You could hear it as soon as you turned off County Welfare Road.

Making your way down Berks Road, the sound got louder as you approached the Berks Family Residential Center on Friday, July 17.

A line of vehicles — sedans and hatchbacks and small SUVs and even a white work van — creating a cacophony as the drivers slowly crept past the red brick facility. Some drivers opted for sustained blares of their vehicle horns, others went with staccato bursts.

The "honk-in" was the first piece of a full day of protests at the Bern Township center, one of three facilities in the U.S. where U.S. Immigration and Customs Enforcement detains families with children seeking asylum. The more than 50 people who had gathered there by 11 a.m. were calling for the families held inside to be released.

"It's inhumane to jail children, it's inhumane to jail families," Ninaj Raoul, a member of Haitian Women for Haitian Immigrants told the crowd. "It just doesn't make sense."

The protest was organized by Shut Down Berks, a coalition of groups dedicated to closing the facility and freeing those housed there. It was intended to coincide with the release of children held inside, but that part didn't happen.

On June 26 a U.S. District Court judge ordered that all children being held by ICE had to be released by Friday because of dangers associated with the COVID-19 pandemic with or without parents. On Wednesday that order was delayed, with a release date set for July 27.

ICE officials declined to comment on the court rulings or the release of children and their families, citing ongoing litigation.
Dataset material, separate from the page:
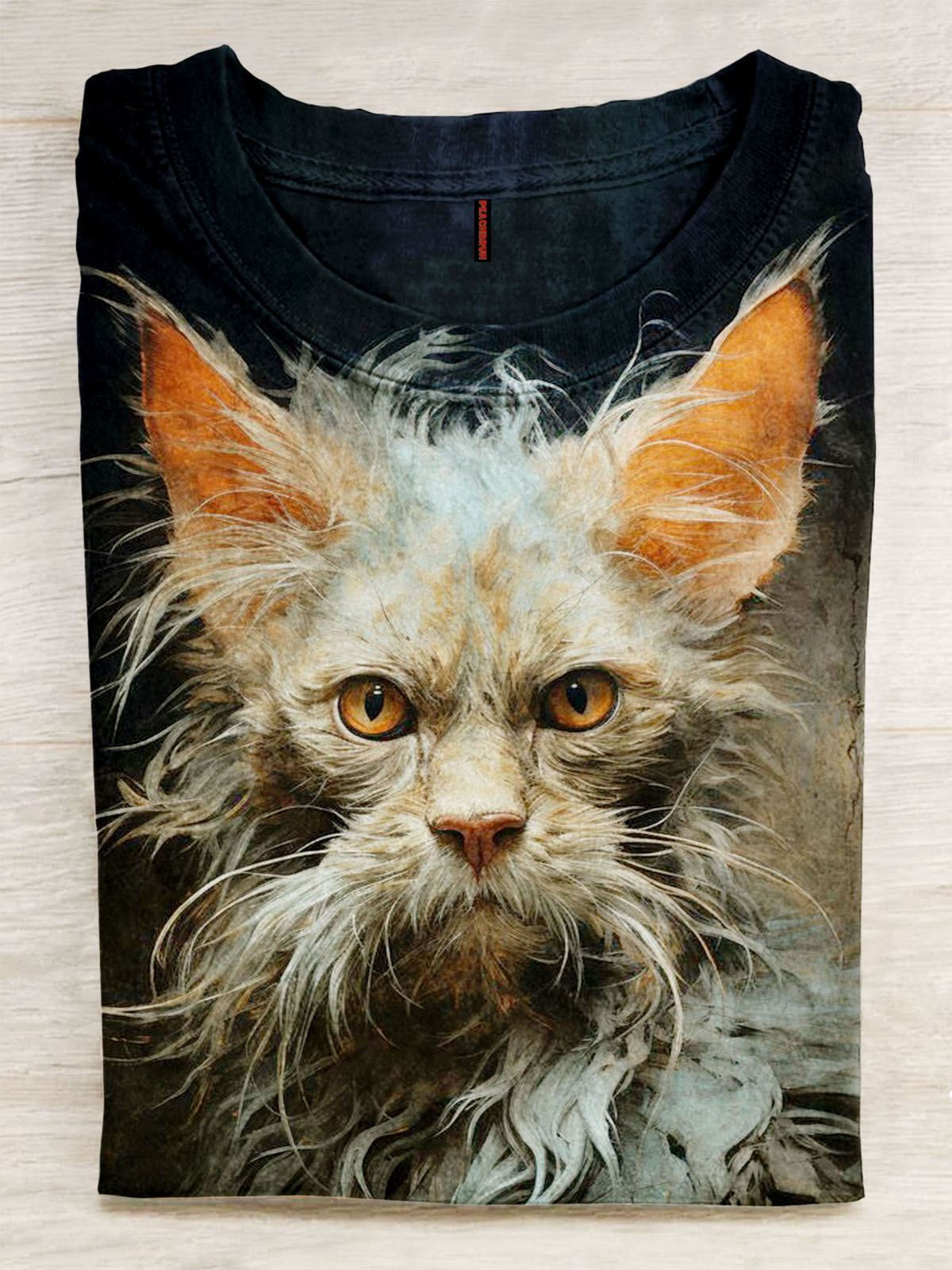 Funny Cat Art Print Casual Short Sleeve T-shirt

The county manages the center and is reimbursed by the federal government. In return, Immigration and Customs Enforcement pays to lease office space and provides about $1 million in revenue annually to the county. The center can hold a maximum of 96 people; however ICE officials said last week that only 13 residents were currently there.

Earlier this month, a Commonwealth Court judge denied a petition seeking the immediate release of the families.

The petition alleged that the Pennsylvania Department of Human Services had failed to take emergency action to protect those housed at the center from COVID-19.

The judge ruled that there wasn't sufficient legal cause to force the department to remove families. He also found that the department had presented convincing evidence that mitigation efforts were put in place at the center to prevent residents from being exposed to the coronavirus.

Despite this week's postponement, the July 17 protests continued.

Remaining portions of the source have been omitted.